#### Task statement:
Begin with the first line of the material and write out each line exactly, ending with the line that contains "斯诺克世锦赛签表出炉赵心童首轮对阵海菲尔德斯诺克丁俊晖克鲁斯堡世锦赛". Pictures are not part of the copy.

#### Given information:
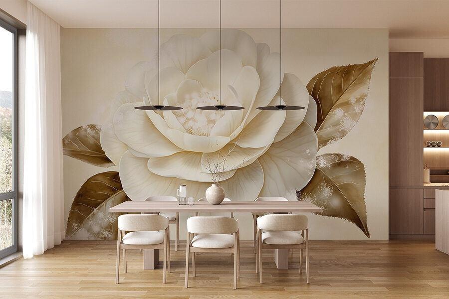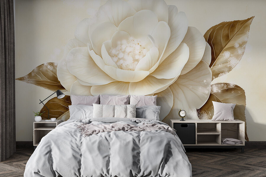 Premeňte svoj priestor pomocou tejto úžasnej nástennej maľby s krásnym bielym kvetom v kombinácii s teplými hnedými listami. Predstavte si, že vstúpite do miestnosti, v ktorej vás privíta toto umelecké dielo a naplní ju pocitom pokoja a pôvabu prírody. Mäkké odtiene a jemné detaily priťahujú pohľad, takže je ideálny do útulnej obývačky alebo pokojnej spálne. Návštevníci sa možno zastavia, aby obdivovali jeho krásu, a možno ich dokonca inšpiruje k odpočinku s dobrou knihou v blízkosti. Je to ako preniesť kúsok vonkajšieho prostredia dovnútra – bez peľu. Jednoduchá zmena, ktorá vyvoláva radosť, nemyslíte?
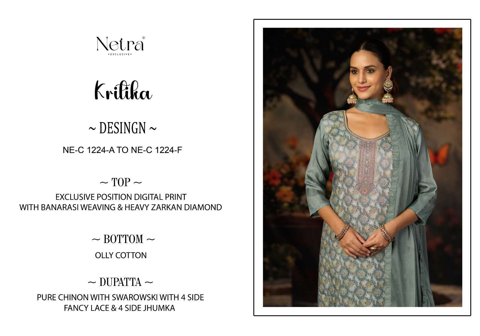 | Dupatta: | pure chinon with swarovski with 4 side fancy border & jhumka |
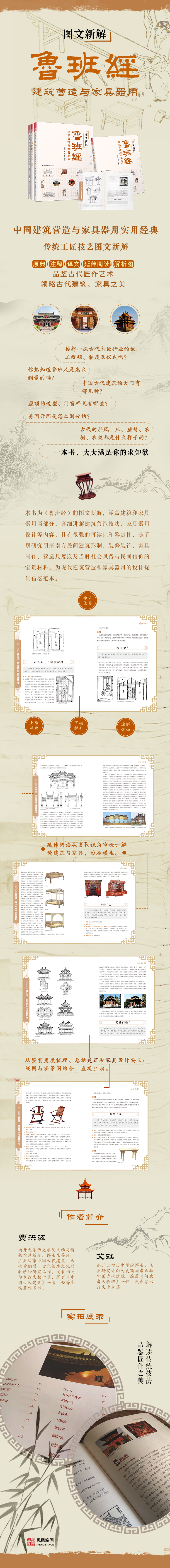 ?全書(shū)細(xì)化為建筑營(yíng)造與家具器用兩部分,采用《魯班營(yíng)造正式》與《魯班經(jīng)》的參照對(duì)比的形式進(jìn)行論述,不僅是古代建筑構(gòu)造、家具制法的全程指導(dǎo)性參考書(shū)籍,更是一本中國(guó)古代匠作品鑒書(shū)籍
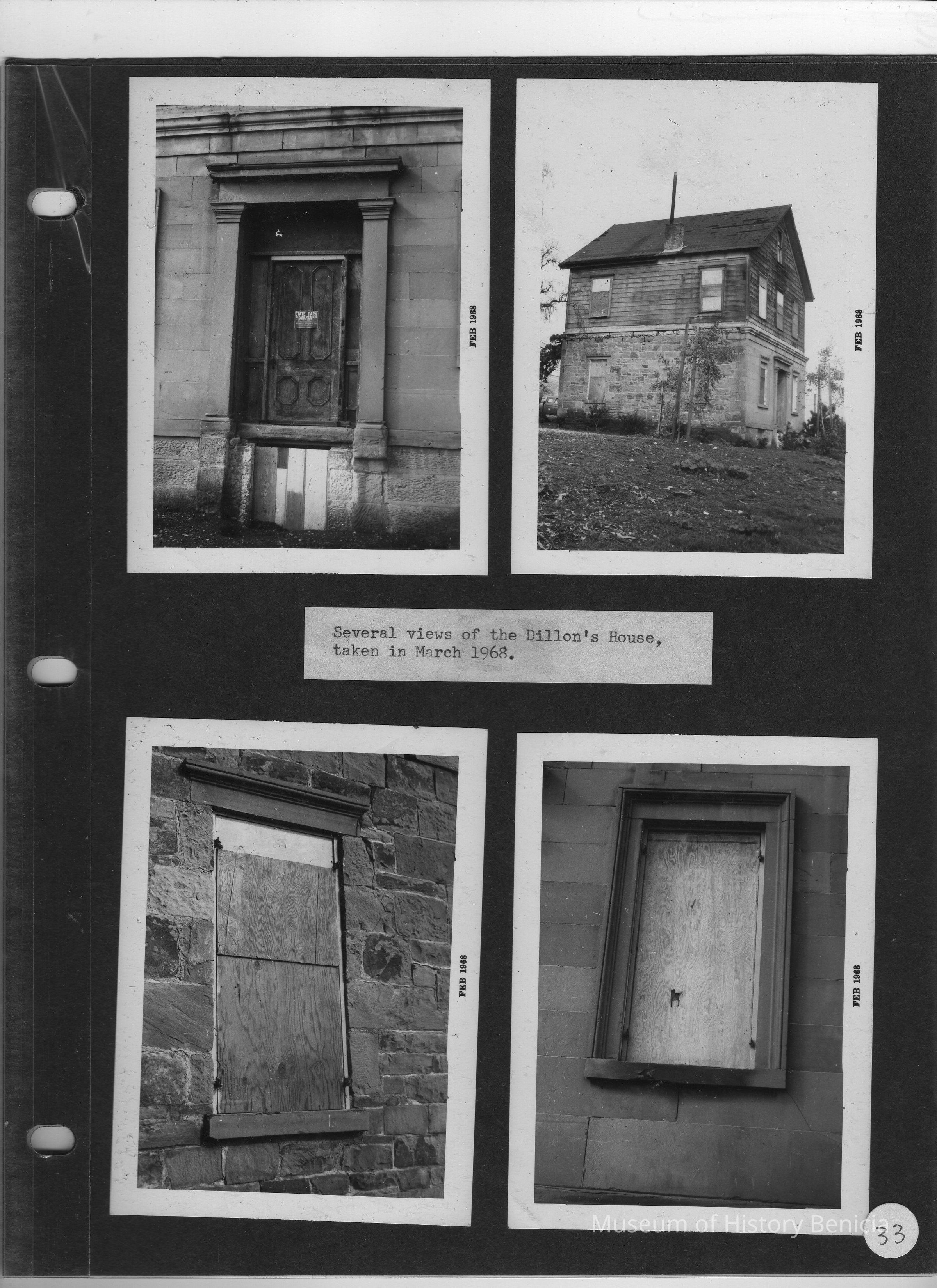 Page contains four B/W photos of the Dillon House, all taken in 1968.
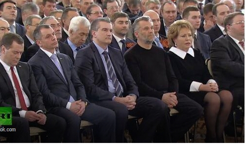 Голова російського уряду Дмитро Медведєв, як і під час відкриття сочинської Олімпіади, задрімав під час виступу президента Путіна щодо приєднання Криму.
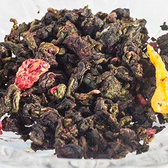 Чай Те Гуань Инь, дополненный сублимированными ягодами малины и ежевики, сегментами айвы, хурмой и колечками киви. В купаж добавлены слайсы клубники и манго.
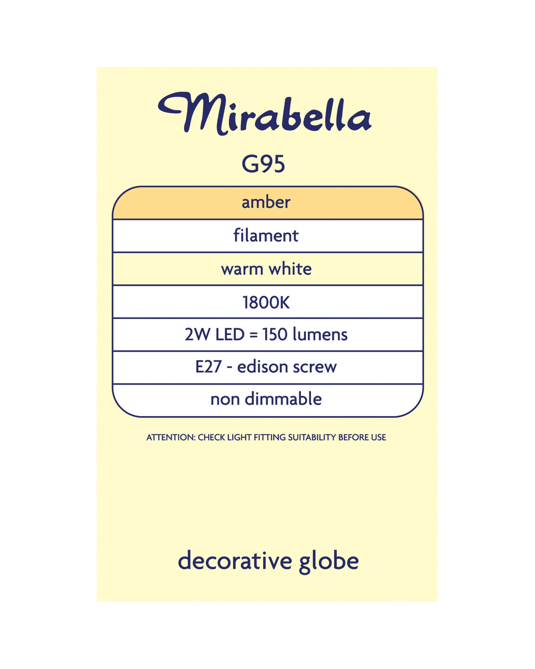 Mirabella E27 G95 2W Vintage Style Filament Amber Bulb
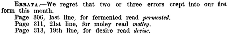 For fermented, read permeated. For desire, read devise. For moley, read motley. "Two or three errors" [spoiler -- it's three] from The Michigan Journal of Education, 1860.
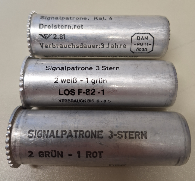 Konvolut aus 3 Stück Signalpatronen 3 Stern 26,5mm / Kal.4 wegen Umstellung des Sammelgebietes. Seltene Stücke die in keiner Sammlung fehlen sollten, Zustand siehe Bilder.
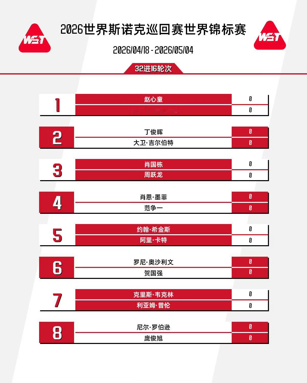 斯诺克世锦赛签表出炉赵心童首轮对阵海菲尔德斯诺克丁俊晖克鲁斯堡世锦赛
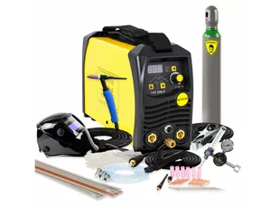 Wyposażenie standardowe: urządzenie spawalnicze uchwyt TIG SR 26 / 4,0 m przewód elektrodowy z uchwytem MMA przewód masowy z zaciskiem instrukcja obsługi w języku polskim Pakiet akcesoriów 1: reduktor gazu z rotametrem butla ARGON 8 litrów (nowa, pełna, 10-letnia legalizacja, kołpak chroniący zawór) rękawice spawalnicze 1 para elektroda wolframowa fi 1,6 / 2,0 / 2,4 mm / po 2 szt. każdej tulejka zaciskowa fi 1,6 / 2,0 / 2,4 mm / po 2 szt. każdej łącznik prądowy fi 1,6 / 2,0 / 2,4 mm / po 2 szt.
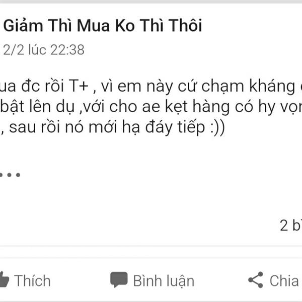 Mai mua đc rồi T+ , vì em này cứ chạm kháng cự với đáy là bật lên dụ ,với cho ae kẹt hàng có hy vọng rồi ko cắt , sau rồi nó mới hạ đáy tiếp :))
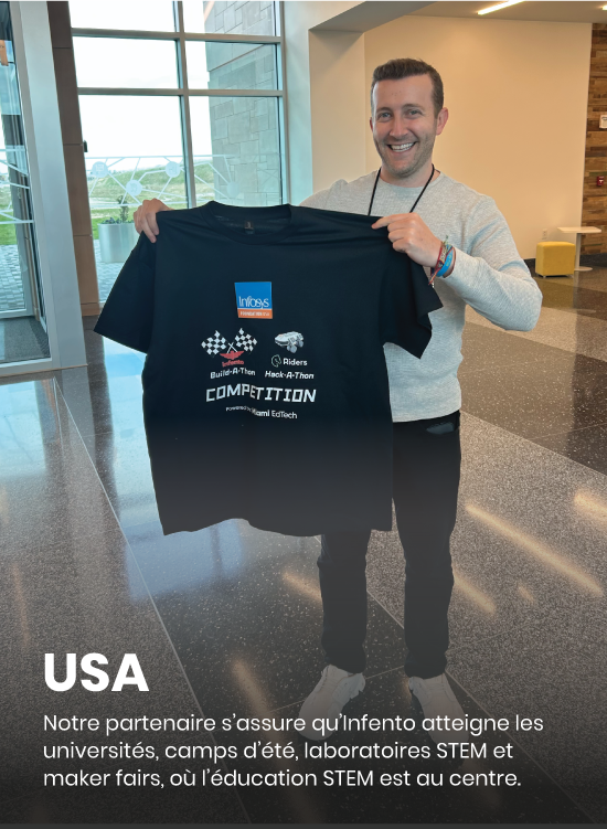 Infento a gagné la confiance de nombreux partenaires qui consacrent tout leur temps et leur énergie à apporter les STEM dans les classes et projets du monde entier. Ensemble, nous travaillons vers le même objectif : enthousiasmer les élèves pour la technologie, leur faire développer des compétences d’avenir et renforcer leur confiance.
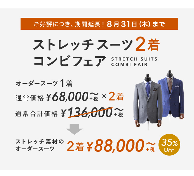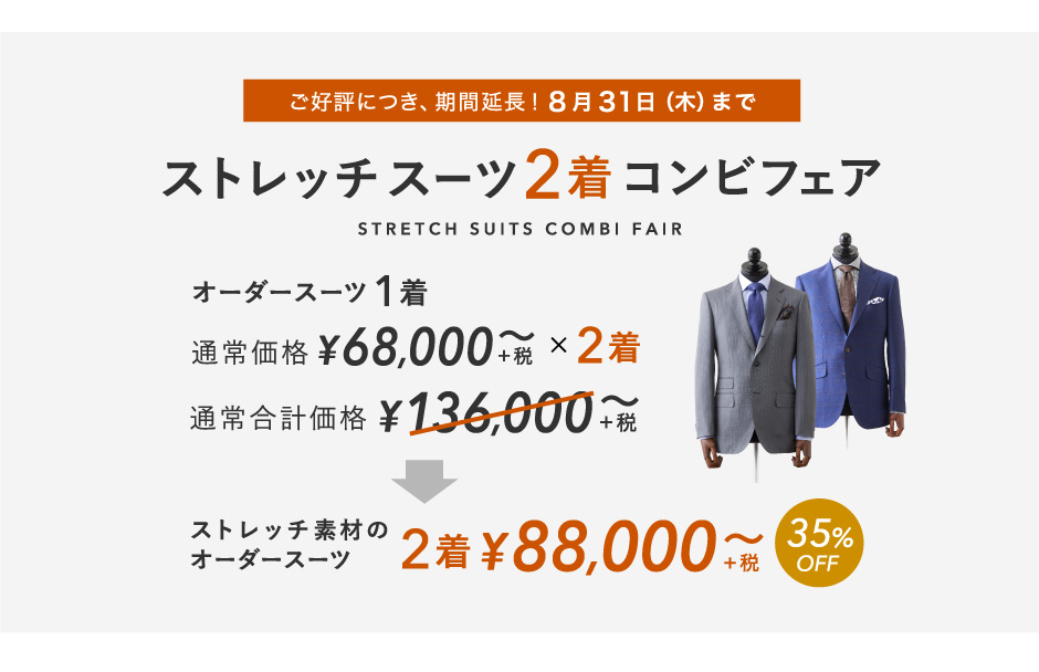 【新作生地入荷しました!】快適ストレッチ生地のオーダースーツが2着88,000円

#### Answer to the exercise:
 Premeňte svoj priestor pomocou tejto úžasnej nástennej maľby s krásnym bielym kvetom v kombinácii s teplými hnedými listami. Predstavte si, že vstúpite do miestnosti, v ktorej vás privíta toto umelecké dielo a naplní ju pocitom pokoja a pôvabu prírody. Mäkké odtiene a jemné detaily priťahujú pohľad, takže je ideálny do útulnej obývačky alebo pokojnej spálne. Návštevníci sa možno zastavia, aby obdivovali jeho krásu, a možno ich dokonca inšpiruje k odpočinku s dobrou knihou v blízkosti. Je to ako preniesť kúsok vonkajšieho prostredia dovnútra – bez peľu. Jednoduchá zmena, ktorá vyvoláva radosť, nemyslíte?
 | Dupatta: | pure chinon with swarovski with 4 side fancy border & jhumka |
 ?全書(shū)細(xì)化為建筑營(yíng)造與家具器用兩部分,采用《魯班營(yíng)造正式》與《魯班經(jīng)》的參照對(duì)比的形式進(jìn)行論述,不僅是古代建筑構(gòu)造、家具制法的全程指導(dǎo)性參考書(shū)籍,更是一本中國(guó)古代匠作品鑒書(shū)籍
 Page contains four B/W photos of the Dillon House, all taken in 1968.
 Голова російського уряду Дмитро Медведєв, як і під час відкриття сочинської Олімпіади, задрімав під час виступу президента Путіна щодо приєднання Криму.
 Чай Те Гуань Инь, дополненный сублимированными ягодами малины и ежевики, сегментами айвы, хурмой и колечками киви. В купаж добавлены слайсы клубники и манго.
 Mirabella E27 G95 2W Vintage Style Filament Amber Bulb
 For fermented, read permeated. For desire, read devise. For moley, read motley. "Two or three errors" [spoiler -- it's three] from The Michigan Journal of Education, 1860.
 Konvolut aus 3 Stück Signalpatronen 3 Stern 26,5mm / Kal.4 wegen Umstellung des Sammelgebietes. Seltene Stücke die in keiner Sammlung fehlen sollten, Zustand siehe Bilder.
 斯诺克世锦赛签表出炉赵心童首轮对阵海菲尔德斯诺克丁俊晖克鲁斯堡世锦赛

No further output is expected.